Data =
- - -

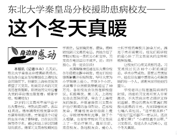 学校老师出现在医院病房的时候,消瘦的习文英和家人非常激动,不大的病房有点拥挤又特别温暖。旁边的病友和家属们都投来羡慕的目光。大家围着病床七嘴八舌地说,“这学校真棒!”“校友们互相都不一定认识,还这么帮忙啊?”“小姑娘真幸运啊。”习文英说,有这么多人的关心,这个冬天真暖。
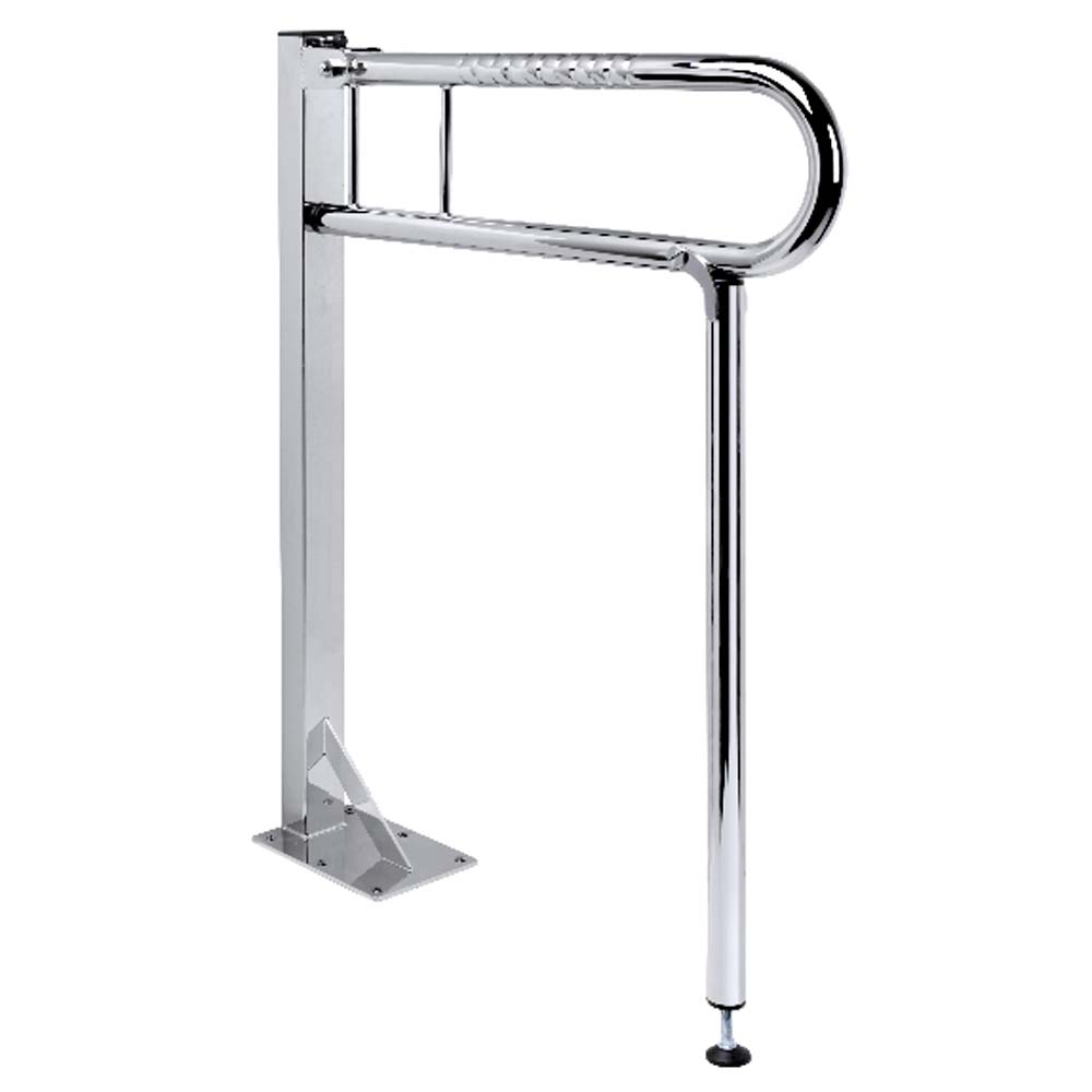 Der Edelstahl FRELU Stützklappgriff mit Standsäule und Bodenstütze für die Bodenmontage bietet Ihnen als 150 kg hochbelastbarer Bad-Haltegriff neben der Toilette Sicherheit beim Transfer zur eigenständigen WC-Benutzung. Optional kann der am Boden befestigte Stützgriff mit Bodenstütze gleich mit Toilettenpapierhalter ausgestattet werden. Als stützender Bad-Haltegriff mit hochklappbarem Griffbügel sorgt der polierte Edelstahl Klappgriff mit Fingergriff-Prägung für mehr Selbstständigkeit und Sicherheit körperlich beeinträchtigten Personen im Badezimmer und lässt sich, je nach Bedarf, praktisch bei Nichtbenutzung hoch- und ausklappen.
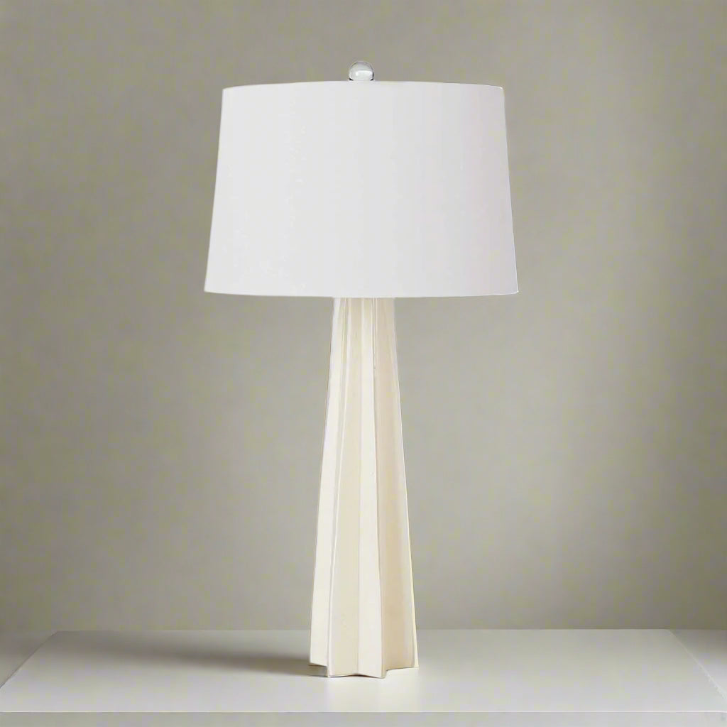 Featuring a crisp white glass finish formed in a star silhouette, the Glass Star table lamp has endless contemporary styling options. Polished nickel hardware and a tapered natural linen shade beautifully complement the lamp's classic design.
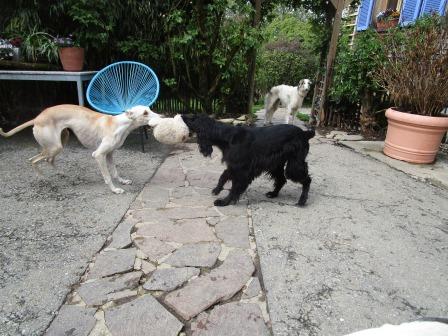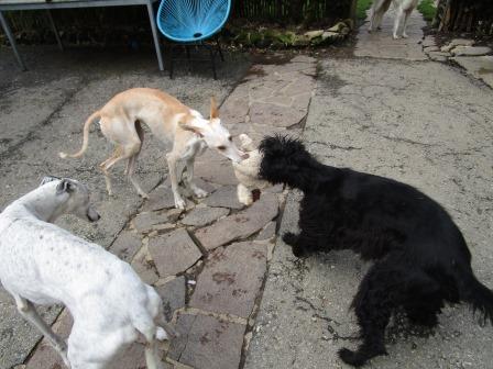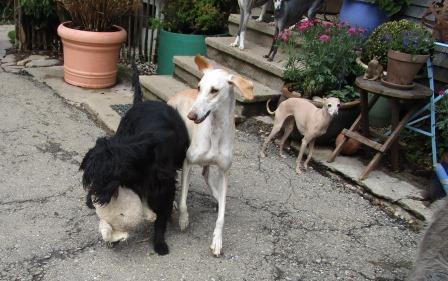 Jetzt hatte ich aber Schiss, Daisy einfach so aus dem Bus zu holen. Also bugsierte ich sie in eine Box (ich hasse Boxen, Boxen und Trichter braucht doch kein Hund!) aber sie wollte gar nicht mehr raus... ich schüttete sie dann einfach im Garten aus, sie rutschte samt der Decke ins Gras. Und natürlich hatte ich eine Schleppleine an ihr Halsband gemacht. Begrüssung mit dem Rest, alles superfriedlich. Meine Hunde sind es ja gewohnt, ständig neue Mitesser :-) zu bekommen, mancher steht gar nicht mehr vom Sofa aus und scheint zu sagen:" Hi, nimm Platz und halt die Klappe."

- - -

Assigned task = All the material shown above is to be copied exactly, with no pictures carried over.

Your solution =
 学校老师出现在医院病房的时候,消瘦的习文英和家人非常激动,不大的病房有点拥挤又特别温暖。旁边的病友和家属们都投来羡慕的目光。大家围着病床七嘴八舌地说,“这学校真棒!”“校友们互相都不一定认识,还这么帮忙啊?”“小姑娘真幸运啊。”习文英说,有这么多人的关心,这个冬天真暖。
 Der Edelstahl FRELU Stützklappgriff mit Standsäule und Bodenstütze für die Bodenmontage bietet Ihnen als 150 kg hochbelastbarer Bad-Haltegriff neben der Toilette Sicherheit beim Transfer zur eigenständigen WC-Benutzung. Optional kann der am Boden befestigte Stützgriff mit Bodenstütze gleich mit Toilettenpapierhalter ausgestattet werden. Als stützender Bad-Haltegriff mit hochklappbarem Griffbügel sorgt der polierte Edelstahl Klappgriff mit Fingergriff-Prägung für mehr Selbstständigkeit und Sicherheit körperlich beeinträchtigten Personen im Badezimmer und lässt sich, je nach Bedarf, praktisch bei Nichtbenutzung hoch- und ausklappen.
 Featuring a crisp white glass finish formed in a star silhouette, the Glass Star table lamp has endless contemporary styling options. Polished nickel hardware and a tapered natural linen shade beautifully complement the lamp's classic design.
 Jetzt hatte ich aber Schiss, Daisy einfach so aus dem Bus zu holen. Also bugsierte ich sie in eine Box (ich hasse Boxen, Boxen und Trichter braucht doch kein Hund!) aber sie wollte gar nicht mehr raus... ich schüttete sie dann einfach im Garten aus, sie rutschte samt der Decke ins Gras. Und natürlich hatte ich eine Schleppleine an ihr Halsband gemacht. Begrüssung mit dem Rest, alles superfriedlich. Meine Hunde sind es ja gewohnt, ständig neue Mitesser :-) zu bekommen, mancher steht gar nicht mehr vom Sofa aus und scheint zu sagen:" Hi, nimm Platz und halt die Klappe."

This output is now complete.